Первые два счета ничего не дали, и Тим почувствовал ужас, когда представил, что ему придется прозванивать каждый номер из этой пачки. Но потом он заметил повторяющийся номер, по которому звонили всегда в одно и то же время, примерно в 23:30, каждый понедельник, среду и пятницу. Он просмотрел счета еще раз и обнаружил, что были еще звонки, поступавшие на этот номер менее регулярно около 7:30 утра.
Умно, умно, Баурик.
Баурик знал, что если кто-нибудь задастся целью его найти – а такая возможность существовала, учитывая, что на нем лежала часть вины за одно из самых громких массовых убийств в истории Лос-Анджелеса, – то преследователь наверняка отследит звонки от его самых близких людей. Поэтому, вместо того чтобы позволить звонить себе в квартиру, он установил время, когда с ним можно было связаться вне дома.

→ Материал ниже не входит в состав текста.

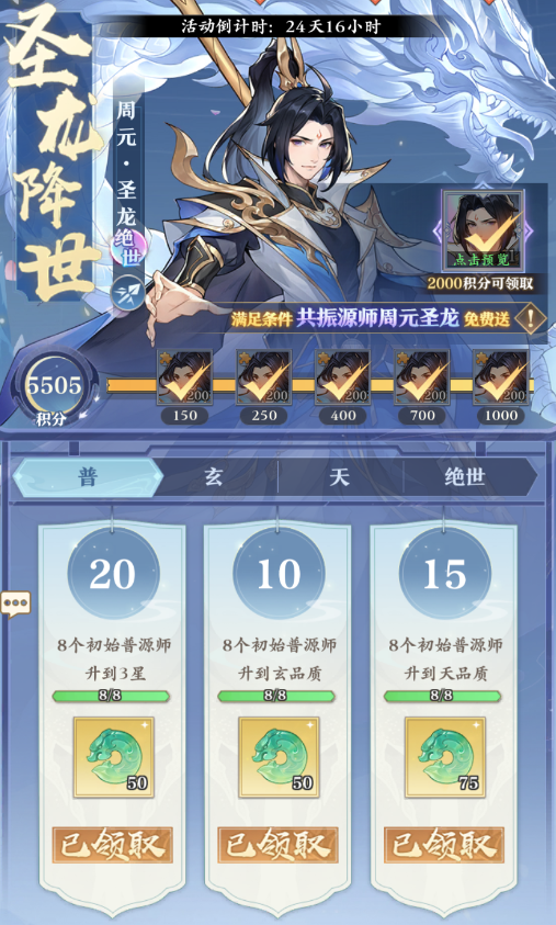 同时在组队的上场的时候,玩家们也只能在共振源师和原生源师两个角色中选择出一个进行组队上场,目前游戏中给玩家们推出了【周元·圣龙】的公振源师的活动,玩家们只要完成一些升级活动,凑齐2000积分就就可以获得周元·圣龙的碎片以及原生1200个碎片来进行强化升级;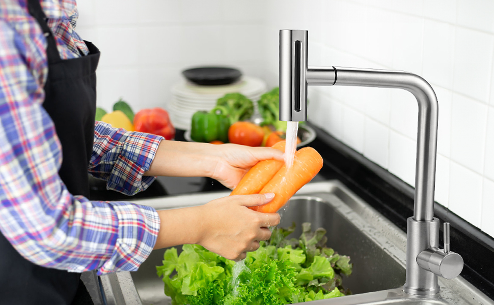 - Mitigeur de cuisine flexible: Le mitigeur de cuisine dispose non seulement d'un robinet extractible qui peut être rétracté de 30 à 50 cm, mais peut également tourner librement à 360 degrés, élargissant ainsi la plage d'utilisation du robinet de cuisine.

Тим набрал номер и, не кладя трубку, наблюдал, как телефон трезвонит и трезвонит. Он был уверен, что это платный номер. После семнадцатого звонка мужчина поднял трубку. Он говорил с сильным индийским акцентом:
– Пожалуйста, перестаньте звонить. Это платный телефон. Вы отпугиваете моих клиентов.
– Извините, сэр, но трубку должна была взять моя девушка. Я немного беспокоюсь, что ее там нет, и хотел бы забежать и поискать ее. Не подскажете, где вы находитесь?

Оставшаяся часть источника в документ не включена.